I am trying to run my MR job on YARN. There is this error in one of the userlogs on the node3:
2014-10-10 00:57:16,965 INFO [main] org.apache.hadoop.mapred.YarnChild: Executing with tokens:
2014-10-10 00:57:16,965 INFO [main] org.apache.hadoop.mapred.YarnChild: Kind: mapreduce.job, Service: job_1412895371072_0001, Ident: (org.apache.hadoop.mapreduce.security.token.JobTokenIdentifier#69d5af30)
2014-10-10 00:57:17,330 INFO [main] org.apache.hadoop.mapred.YarnChild: Sleeping for 0ms before retrying again.

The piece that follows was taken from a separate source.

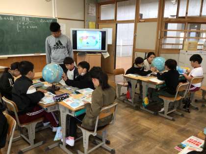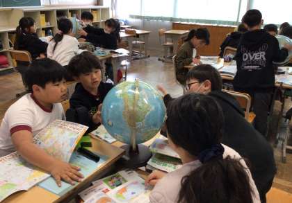 世界地図を興味深そうに見て、様々な大陸を確認したり、簡単な世界地図をノートに描いたりしていました。5年生の社会科の学習を楽しみにする様子が見られました。

Got null now.
2014-10-10 00:57:18,547 INFO [main] org.apache.hadoop.ipc.Client: Retrying connect to server: node03/127.0.1.1:44874. Already tried 0 time(s); retry policy is RetryUpToMaximumCountWithFixedSleep(maxRetries=10, sleepTime=1000 MILLISECONDS)
2014-10-10 00:57:19,548 INFO [main] org.apache.hadoop.ipc.Client: Retrying connect to server: node03/127.0.1.1:44874. Already tried 1 time(s); retry policy is RetryUpToMaximumCountWithFixedSleep(maxRetries=10, sleepTime=1000 MILLISECONDS)
...
2014-10-10 00:57:27,558 INFO [main] org.apache.hadoop.ipc.Client: Retrying connect to server: node03/127.0.1.1:44874. Already tried 9 time(s); retry policy is RetryUpToMaximumCountWithFixedSleep(maxRetries=10, sleepTime=1000 MILLISECONDS)
2014-10-10 00:57:27,562 WARN [main] org.apache.hadoop.mapred.YarnChild: Exception running child : java.net.ConnectException: Call From node03/127.0.1.1 to node03:44874 failed on connection exception: java.net.ConnectException: Connection refused; For more details see: http://wiki.apache.org/hadoop/ConnectionRefused
at sun.reflect.NativeConstructorAccessorImpl.newInstance0(Native Method)
at sun.reflect.NativeConstructorAccessorImpl.newInstance(NativeConstructorAccessorImpl.java:57)
at sun.reflect.DelegatingConstructorAccessorImpl.newInstance(DelegatingConstructorAccessorImpl.java:45)
at java.lang.reflect.Constructor.newInstance(Constructor.java:526)
at org.apache.hadoop.net.NetUtils.wrapWithMessage(NetUtils.java:783)
at org.apache.hadoop.net.NetUtils.wrapException(NetUtils.java:730)
at org.apache.hadoop.ipc.Client.call(Client.java:1415)
at org.apache.hadoop.ipc.Client.call(Client.java:1364)
at org.apache.hadoop.ipc.WritableRpcEngine$Invoker.invoke(WritableRpcEngine.java:231)
at com.sun.proxy.$Proxy9.getTask(Unknown Source)
at org.apache.hadoop.mapred.YarnChild.main(YarnChild.java:137)
Caused by: java.net.ConnectException: Connection refused
at sun.nio.ch.SocketChannelImpl.checkConnect(Native Method)
at sun.nio.ch.SocketChannelImpl.finishConnect(SocketChannelImpl.java:739)
at org.apache.hadoop.net.SocketIOWithTimeout.connect(SocketIOWithTimeout.java:206)
at org.apache.hadoop.net.NetUtils.connect(NetUtils.java:529)
at org.apache.hadoop.net.NetUtils.connect(NetUtils.java:493)
at org.apache.hadoop.ipc.Client$Connection.setupConnection(Client.java:606)
at org.apache.hadoop.ipc.Client$Connection.setupIOstreams(Client.java:700)
at org.apache.hadoop.ipc.Client$Connection.access$2800(Client.java:367)
at org.apache.hadoop.ipc.Client.getConnection(Client.java:1463)
at org.apache.hadoop.ipc.Client.call(Client.java:1382)
... 4 more
2014-10-10 00:57:27,564 INFO [main] org.apache.hadoop.metrics2.impl.MetricsSystemImpl: Stopping MapTask metrics system...
2014-10-10 00:57:27,566 INFO [main] org.apache.hadoop.metrics2.impl.MetricsSystemImpl: MapTask metrics system stopped.
:
I have the same config on all nodes. I can't find anywhere having specified port 44874. What does this error actually telling?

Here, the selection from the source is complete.